The kneeling man looked away and spat on the ground beneath the stone. “Finish it,” he said. “I don’t care about your grief.”
The old man raised an emaciated hand. A shadow passed over the kneeling man and two shots were fired into his back. He fell forward onto the grave, and his blood began to seep into the ground. The old man nodded contentedly to himself.
“It has begun.”
CHAPTER TWO
WILLIE BREW STOOD IN the men’s room of Nate’s Tap Joint and stared at himself in the battered mirror above the similarly battered sink. He decided that he didn’t look sixty. In the right light, he could pass for fifty-five. Okay, fifty-six. Unfortunately, he had yet to find that particular light. It certainly wasn’t in Nate’s men’s room, where the light was so bright that taking a leak felt like it was being performed under interrogation.
Willie was bald. He had lost most of his hair by the time he was thirty. After that, he’d experimented with various ways of disguising his baldness: combovers, hats, even a wig. He’d gone for an expensive one, the kind made from realistic-looking fibers. He figured he’d picked the wrong color or something, because even little kids used to laugh at him, and the guys who hung around the auto shop when they had nothing better to do, which was most of the time, had opened a book on the various shades of red his head assumed as he passed through the light and shade of the garage. Willie had enough troubles without becoming an object of amusement for the seldom gainfully employed, like some Coney Island freak: “Come see the Wig Guy: A Modern Marvel. All the Colors of the Rainbow…” He’d thrown away the wig after six months. Now he was just happy if his head didn’t shine too brightly in public.
He tugged at the skin below his cheekbones. There were deep-set wrinkles around his mouth and eyes that might have passed for laughter lines if Willie Brew was the kind of guy who did a whole lot of laughing, which he wasn’t. Willie did a brief count of the lines and wondered just how funny someone would have to find the world to build up that many wrinkles. Anyone who found the world that amusing was insane.
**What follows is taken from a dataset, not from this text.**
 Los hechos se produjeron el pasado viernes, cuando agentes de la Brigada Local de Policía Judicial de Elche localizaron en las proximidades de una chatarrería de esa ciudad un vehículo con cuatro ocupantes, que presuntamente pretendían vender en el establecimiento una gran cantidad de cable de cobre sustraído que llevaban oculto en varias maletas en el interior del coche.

There were broken veins on his nose, relics of his troubled middle years, and a few of his teeth felt loose. Somewhere along the path of life, he had also picked up a couple of extra chins.
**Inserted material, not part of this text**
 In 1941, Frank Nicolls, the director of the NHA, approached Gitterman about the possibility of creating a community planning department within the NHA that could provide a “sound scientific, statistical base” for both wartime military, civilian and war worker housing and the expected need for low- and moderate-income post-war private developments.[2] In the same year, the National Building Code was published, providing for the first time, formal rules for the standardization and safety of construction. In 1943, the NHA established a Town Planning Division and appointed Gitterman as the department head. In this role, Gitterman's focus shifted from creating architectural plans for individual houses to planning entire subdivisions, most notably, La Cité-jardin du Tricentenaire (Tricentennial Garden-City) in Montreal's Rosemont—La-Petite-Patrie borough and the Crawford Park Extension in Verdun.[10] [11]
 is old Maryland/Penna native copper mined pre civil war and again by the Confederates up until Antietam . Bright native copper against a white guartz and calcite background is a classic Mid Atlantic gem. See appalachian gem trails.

Perhaps he did look sixty after all.
His eyesight remained good, although this merely enabled him to see more clearly the effects of the aging process upon him. He wondered if people with bad eyesight ever saw themselves as they truly were. Bad eyesight was the equivalent of those soft filters they used to take pictures of movie stars. You could have a third eye in the center of your forehead and, as long as it didn’t see any better than the other two, you could fool yourself into believing that you looked like Cary Grant.